▸ **Raw data**
*-*-*

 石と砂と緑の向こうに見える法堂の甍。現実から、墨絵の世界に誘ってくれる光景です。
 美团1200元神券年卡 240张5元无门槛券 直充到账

*-*-*

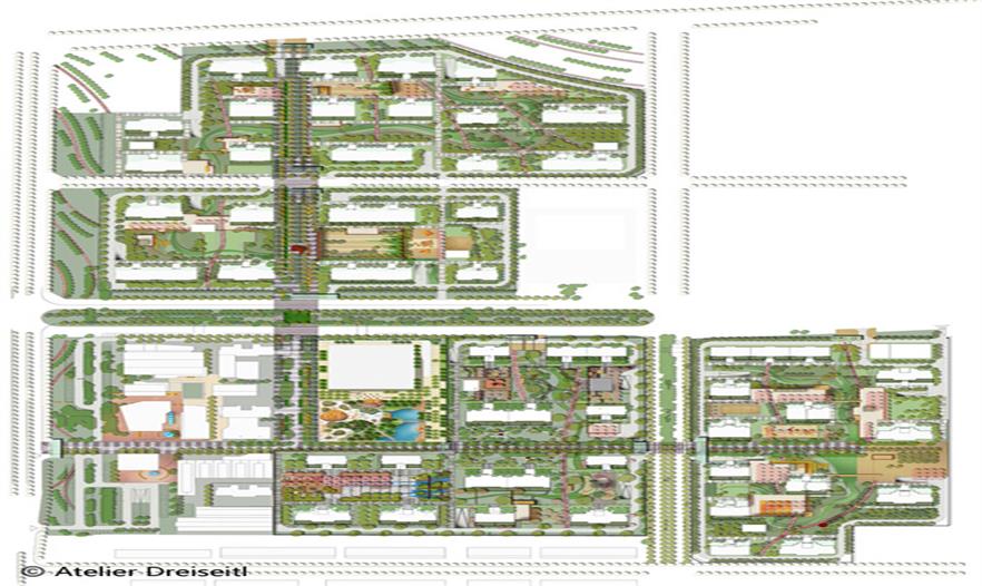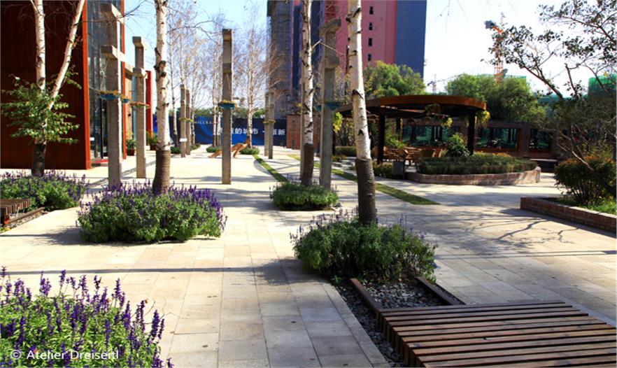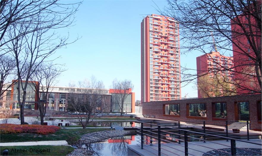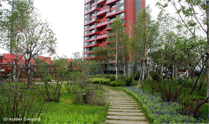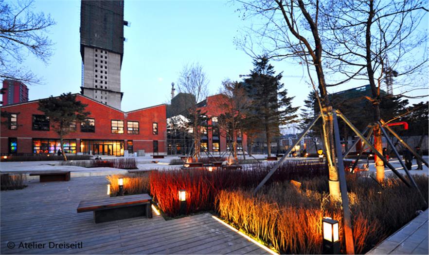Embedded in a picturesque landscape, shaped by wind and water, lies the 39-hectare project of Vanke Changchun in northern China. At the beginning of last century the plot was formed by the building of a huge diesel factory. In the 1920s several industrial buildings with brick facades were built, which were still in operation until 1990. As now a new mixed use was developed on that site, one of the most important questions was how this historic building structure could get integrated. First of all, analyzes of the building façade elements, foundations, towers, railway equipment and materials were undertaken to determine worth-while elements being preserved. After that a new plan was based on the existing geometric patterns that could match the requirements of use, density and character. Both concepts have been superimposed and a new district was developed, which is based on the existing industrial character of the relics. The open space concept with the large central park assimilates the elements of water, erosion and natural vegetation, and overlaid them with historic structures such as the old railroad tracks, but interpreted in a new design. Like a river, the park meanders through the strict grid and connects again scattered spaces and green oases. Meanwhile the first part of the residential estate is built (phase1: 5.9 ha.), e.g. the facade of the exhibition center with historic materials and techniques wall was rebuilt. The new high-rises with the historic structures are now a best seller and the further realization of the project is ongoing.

*-*-*

▸ **Directions for this task**
Transcribe, exactly and without additions, the lines of the records above, beginning with the line that contains "石と砂と緑の向こうに見える法" and ending with the line that contains "美团1200元神券年卡 240张5元无门槛券 直充到账", both included.

▸ **Answer box**
 石と砂と緑の向こうに見える法堂の甍。現実から、墨絵の世界に誘ってくれる光景です。
 美团1200元神券年卡 240张5元无门槛券 直充到账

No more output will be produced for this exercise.